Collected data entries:
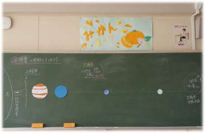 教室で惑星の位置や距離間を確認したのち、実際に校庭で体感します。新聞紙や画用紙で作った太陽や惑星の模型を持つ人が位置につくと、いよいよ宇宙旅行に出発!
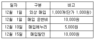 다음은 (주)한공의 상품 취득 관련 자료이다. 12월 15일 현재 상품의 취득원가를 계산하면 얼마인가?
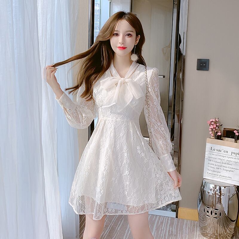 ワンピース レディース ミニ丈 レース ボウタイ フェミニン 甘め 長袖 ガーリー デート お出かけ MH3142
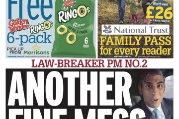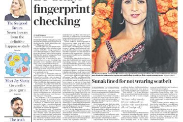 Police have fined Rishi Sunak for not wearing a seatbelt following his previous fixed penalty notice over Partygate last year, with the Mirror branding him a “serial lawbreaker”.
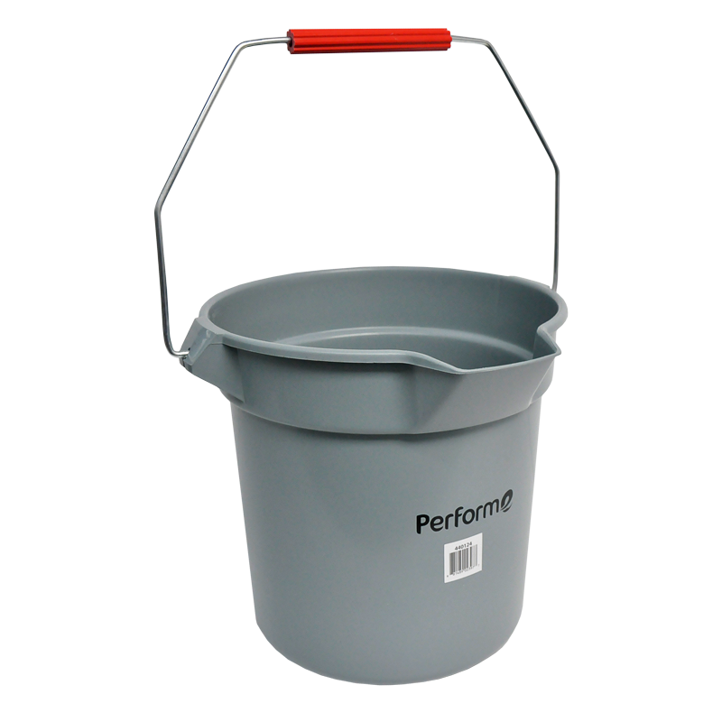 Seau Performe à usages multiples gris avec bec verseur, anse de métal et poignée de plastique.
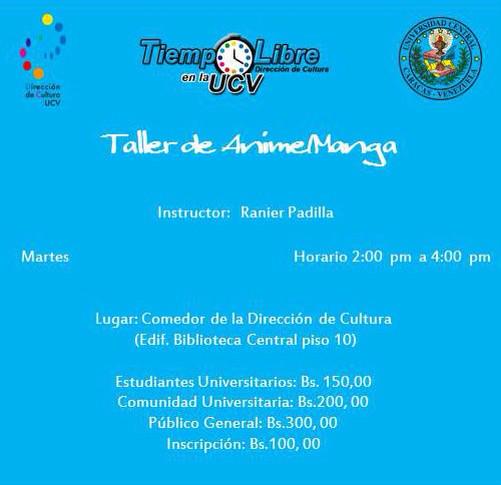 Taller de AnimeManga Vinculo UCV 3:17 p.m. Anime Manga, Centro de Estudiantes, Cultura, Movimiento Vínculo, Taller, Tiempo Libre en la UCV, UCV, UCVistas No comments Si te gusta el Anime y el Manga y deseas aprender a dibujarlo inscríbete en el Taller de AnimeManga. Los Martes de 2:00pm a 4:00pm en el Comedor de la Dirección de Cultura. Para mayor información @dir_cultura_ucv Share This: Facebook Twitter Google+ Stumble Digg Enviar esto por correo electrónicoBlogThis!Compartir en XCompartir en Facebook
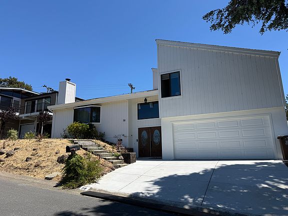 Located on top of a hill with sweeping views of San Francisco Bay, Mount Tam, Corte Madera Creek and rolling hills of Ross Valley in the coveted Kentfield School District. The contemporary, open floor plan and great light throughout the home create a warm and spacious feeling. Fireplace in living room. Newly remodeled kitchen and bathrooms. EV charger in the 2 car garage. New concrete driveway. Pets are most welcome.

> _TASK STATEMENT_:
When you copy the records above, keep every word exact and drop the pictures.

> _FINISHED EXERCISE_:
 教室で惑星の位置や距離間を確認したのち、実際に校庭で体感します。新聞紙や画用紙で作った太陽や惑星の模型を持つ人が位置につくと、いよいよ宇宙旅行に出発!
 다음은 (주)한공의 상품 취득 관련 자료이다. 12월 15일 현재 상품의 취득원가를 계산하면 얼마인가?
 ワンピース レディース ミニ丈 レース ボウタイ フェミニン 甘め 長袖 ガーリー デート お出かけ MH3142
 Police have fined Rishi Sunak for not wearing a seatbelt following his previous fixed penalty notice over Partygate last year, with the Mirror branding him a “serial lawbreaker”.
 Seau Performe à usages multiples gris avec bec verseur, anse de métal et poignée de plastique.
 Taller de AnimeManga Vinculo UCV 3:17 p.m. Anime Manga, Centro de Estudiantes, Cultura, Movimiento Vínculo, Taller, Tiempo Libre en la UCV, UCV, UCVistas No comments Si te gusta el Anime y el Manga y deseas aprender a dibujarlo inscríbete en el Taller de AnimeManga. Los Martes de 2:00pm a 4:00pm en el Comedor de la Dirección de Cultura. Para mayor información @dir_cultura_ucv Share This: Facebook Twitter Google+ Stumble Digg Enviar esto por correo electrónicoBlogThis!Compartir en XCompartir en Facebook
 Located on top of a hill with sweeping views of San Francisco Bay, Mount Tam, Corte Madera Creek and rolling hills of Ross Valley in the coveted Kentfield School District. The contemporary, open floor plan and great light throughout the home create a warm and spacious feeling. Fireplace in living room. Newly remodeled kitchen and bathrooms. EV charger in the 2 car garage. New concrete driveway. Pets are most welcome.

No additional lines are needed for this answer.